Apprenant qu’il a contrefait sa signature, qui plus est sans lui en parler, le client dépose une plainte contre le conseiller en septembre 2016. Ce dernier admet immédiatement sa culpabilité.

Dans cette affaire, la représentante de la Chambre reconnaît à Kenny Rouillard plusieurs facteurs atténuants. Il n’a pas tardé à plaider coupable, a bien collaboré à l’enquête et a exprimé ses regrets.

La faute ne relevait pas d’une intention malveillante et les commissions et bonis de 1 300 $ touchés avec le renouvellement ne semblent pas avoir motivé ces agissements. Le client n’a subi aucun préjudice, signant même plus tard le fameux contrat. De plus, il s’agissait d’un événement isolé, de la part d’un conseiller doté de peu d’expérience.

Toutefois, le comité de discipline a aussi retenu la gravité objective de l’infraction, laquelle fragilise le lien de confiance entre les clients et les conseillers, mais aussi entre les assureurs et leurs représentants. De plus, le conseiller avait aussi fait l’objet d’autres mises en garde en juillet 2015, concernant d’autres manquements relatifs à des propositions de polices d’assurance. Le comité l’a donc condamné à un mois de radiation et au paiement des déboursés.

PAYER LE GROS PRIX

Cela a toutefois coûté beaucoup plus cher à Kenny Rouillard, comme l’a reconnu le comité de la Chambre. Il a perdu son emploi à l’Industrielle Alliance, chez qui il exerçait depuis ses débuts en septembre 2013. Comme il n’était pas avec eux depuis sept ans, il n’a pu tirer profit de la vente de sa clientèle, composée d’environ 198 clients, dont 280 contrats d’assurance et 60 contrats de rente. La valeur de son bloc d’affaires était estimée à environ 15 000 $.

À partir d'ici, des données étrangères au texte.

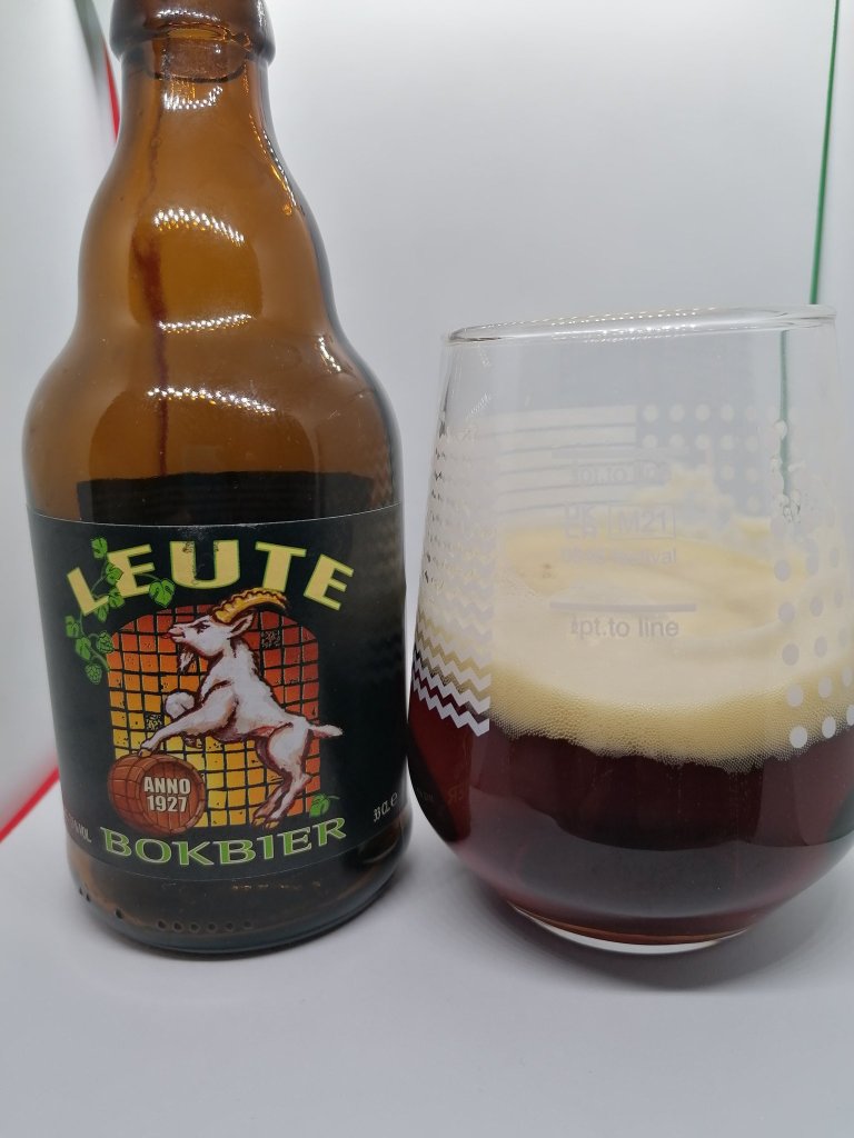 Leute Bokbier is served in a special tumbler glass with its own wooden base. The Belgians do like to make an event out of drinking a beer!

Le conseiller n’a donc aucune rémunération depuis le 29 novembre 2016 et subvient à ses besoins et à ceux de sa famille grâce à son fonds d’établissement, d’une valeur d’environ 8 000 $. Son épouse est enceinte de trois mois et lui-même se relève d’un fâcheux accident survenu pendant ces fameuses vacances de Noël, qui l’a laissé avec de multiples fractures. Il a été incapable de travailler pendant neuf mois. Malgré ses déboires, il a exprimé sa passion pour la profession et son désir de continuer à l’exercer.